* **Record excerpts**
= Beginning of Section =
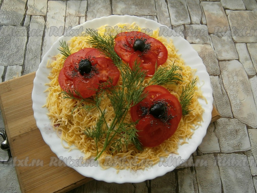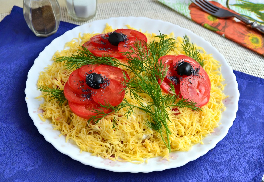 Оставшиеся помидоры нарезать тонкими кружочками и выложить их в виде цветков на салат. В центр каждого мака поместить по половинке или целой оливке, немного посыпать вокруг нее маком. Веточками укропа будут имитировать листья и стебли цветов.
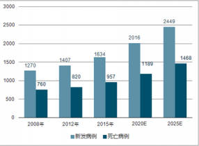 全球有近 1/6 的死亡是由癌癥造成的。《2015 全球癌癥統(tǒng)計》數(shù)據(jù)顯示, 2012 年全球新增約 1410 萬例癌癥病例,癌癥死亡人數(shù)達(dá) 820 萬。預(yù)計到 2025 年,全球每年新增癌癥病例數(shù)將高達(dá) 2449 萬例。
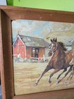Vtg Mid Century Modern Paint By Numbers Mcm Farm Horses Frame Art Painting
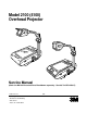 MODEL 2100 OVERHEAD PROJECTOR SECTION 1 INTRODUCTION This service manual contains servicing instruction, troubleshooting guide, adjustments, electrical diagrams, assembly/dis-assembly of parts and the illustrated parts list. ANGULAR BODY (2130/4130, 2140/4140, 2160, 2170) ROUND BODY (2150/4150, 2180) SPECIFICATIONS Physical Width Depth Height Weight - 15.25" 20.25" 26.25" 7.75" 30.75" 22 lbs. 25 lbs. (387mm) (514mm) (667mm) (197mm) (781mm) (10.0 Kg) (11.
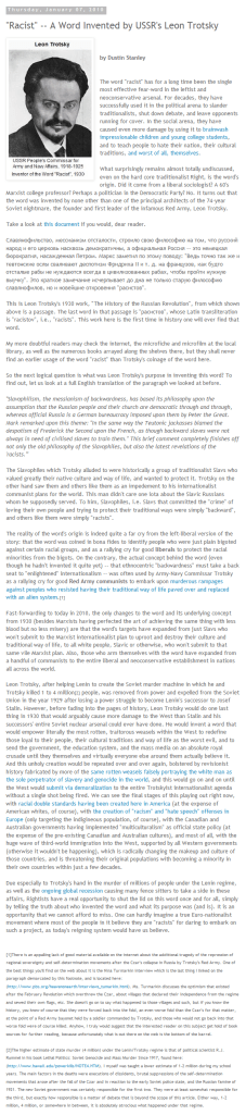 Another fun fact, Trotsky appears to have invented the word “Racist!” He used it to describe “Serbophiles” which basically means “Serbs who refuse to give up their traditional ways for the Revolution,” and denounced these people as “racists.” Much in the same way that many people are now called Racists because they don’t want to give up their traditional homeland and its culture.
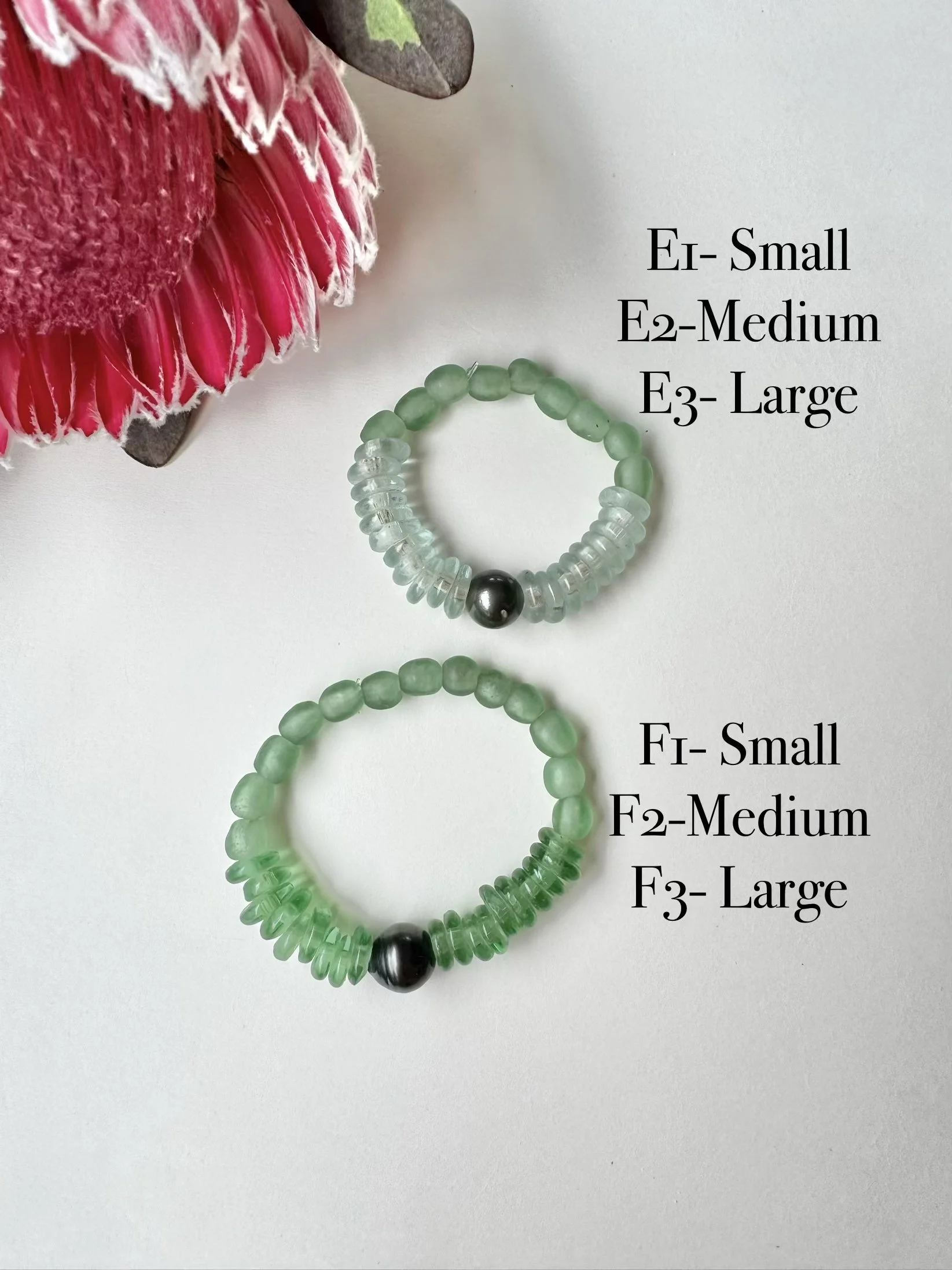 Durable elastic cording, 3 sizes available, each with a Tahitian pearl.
= End of Section =
= Beginning of Section =
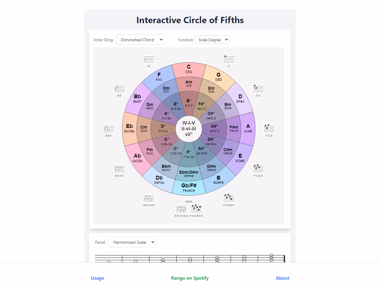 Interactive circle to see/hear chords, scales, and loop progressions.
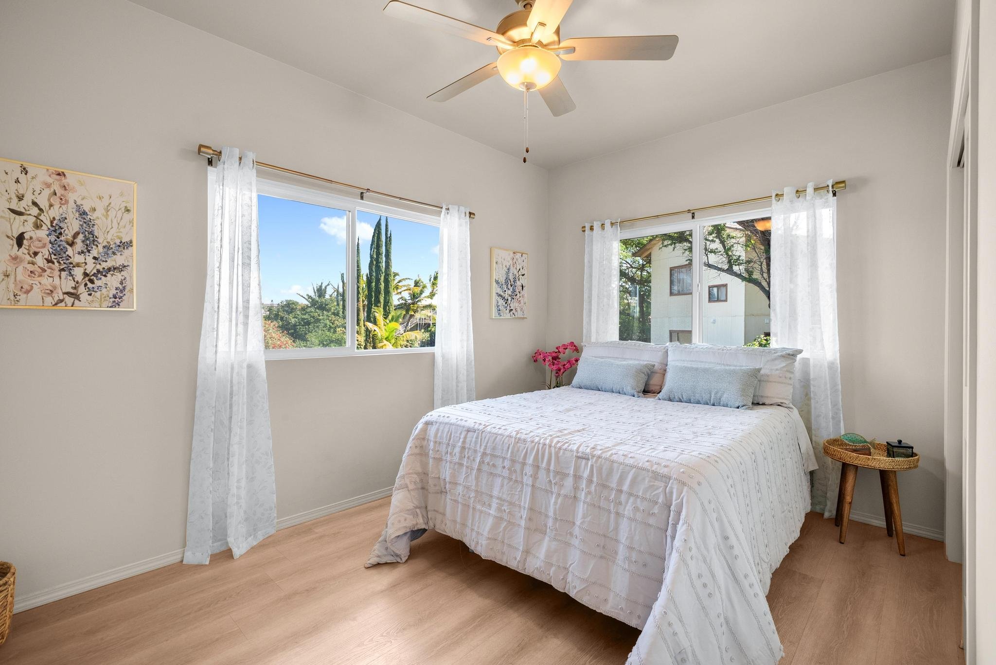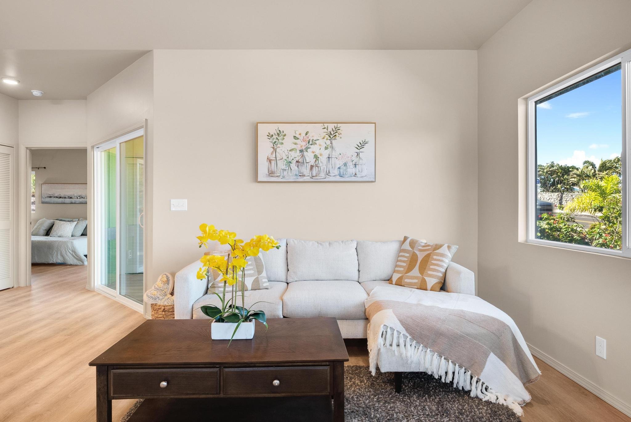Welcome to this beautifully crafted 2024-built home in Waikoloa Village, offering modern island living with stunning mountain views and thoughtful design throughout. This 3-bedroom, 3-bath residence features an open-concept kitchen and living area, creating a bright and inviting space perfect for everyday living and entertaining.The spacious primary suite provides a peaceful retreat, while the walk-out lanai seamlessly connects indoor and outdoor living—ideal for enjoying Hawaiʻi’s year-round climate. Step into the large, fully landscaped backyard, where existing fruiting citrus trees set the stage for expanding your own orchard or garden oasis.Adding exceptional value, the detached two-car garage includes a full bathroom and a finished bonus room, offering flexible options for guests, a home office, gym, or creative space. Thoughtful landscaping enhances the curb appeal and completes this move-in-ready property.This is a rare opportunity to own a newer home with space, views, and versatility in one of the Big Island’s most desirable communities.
= End of Section =
* **What to do**
In the listing above, find the line with "Another fun fact, Trotsky" and the line with "Durable elastic cording, 3". Copy exactly those lines and all between them, minus the images.

* **Result for this task**
 Another fun fact, Trotsky appears to have invented the word “Racist!” He used it to describe “Serbophiles” which basically means “Serbs who refuse to give up their traditional ways for the Revolution,” and denounced these people as “racists.” Much in the same way that many people are now called Racists because they don’t want to give up their traditional homeland and its culture.
 Durable elastic cording, 3 sizes available, each with a Tahitian pearl.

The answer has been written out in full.